The ETL’s AWS Glue Data Quality integration uses the AWS Glue Data Quality Definition Language (DQDL) to describe rules. The rules in the InsuranceLake ETL data quality configuration should be expressed in the same format (except for the JSON requirements around double quotes).

When to run data quality rules

InsuranceLake data quality configuration supports three locations in the data pipeline to enforce quality rules:

Before Transforms: before_transform
- Rules are enforced immediately after schema mapping is completed, but before any transforms are run, including the addition of partition and execution ID columns. This stage is within the Collect-to-Cleanse AWS Glue job run.
- Quarantined data is published in the Cleanse database with a table name of <table name>_quarantine_before_transforms.
- Quarantined data is stored in the Cleanse S3 bucket in the folder /quarantine/before_transforms/<database name>/<table name>.
- This is a good pipeline location to check for date formats, currency formats, or other field values that the transforms will expect.
After Transforms: after_transform
- Rules are enforced after all transforms have been run.
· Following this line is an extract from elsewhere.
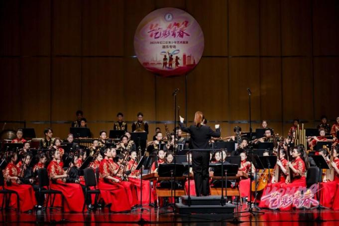 民族管弦乐合奏《再唱山歌给党听》、民族室内乐《望岳》、管乐合奏《草原英雄小姐妹》、铜管重奏《钢铁洪流进行曲》……当晚,虹口区青少年活动中心民乐团、管乐团携手曲阳第四小学民乐团、上海民办丽英小学管乐团,近300人共同奏响艺术强音。从民族管弦乐的宏大深邃,到管乐的激昂澎湃;从大合奏的磅礴气势,到协奏曲的深情对话,少年们用指尖音符书写青春答卷,每一乐章都是虹口美育浸润的成果。

This location is just before saving the data to the Cleanse bucket, during the Collect-to-Cleanse AWS Glue job run.
- Quarantined data is published in the Cleanse database with a table name of <table name>_quarantine_after_transforms.
- Quarantined data is stored in the Cleanse S3 bucket in the folder /quarantine/after_transforms/<database name>/<table name>.
- This is a good pipeline location to compare date values, check calculations, and to create a quarantine that looks similar to the Cleanse bucket schema.
After Spark SQL: after_sparksql
- Rules are enforced after running the Spark SQL command for the workflow, if, and only if, there is one present. This stage is run during the Cleanse-to-Consume AWS Glue job run before the Athena SQL is run.
- Rules in this stage can reference multiple tables if those tables are joined or unioned in the Spark SQL. The primary table is still the only one available to reference.
- Quarantined data is published in the Consume database, <database name>_consume, with a table name of <table name>_quarantine_after_sparksql.
- Quarantined data is stored in the Cleanse S3 bucket in the folder /quarantine/after_sparksql/<database name>/<table name>.
- This is a good pipeline location to compare field values from multiple tables that are joined in the Spark SQL.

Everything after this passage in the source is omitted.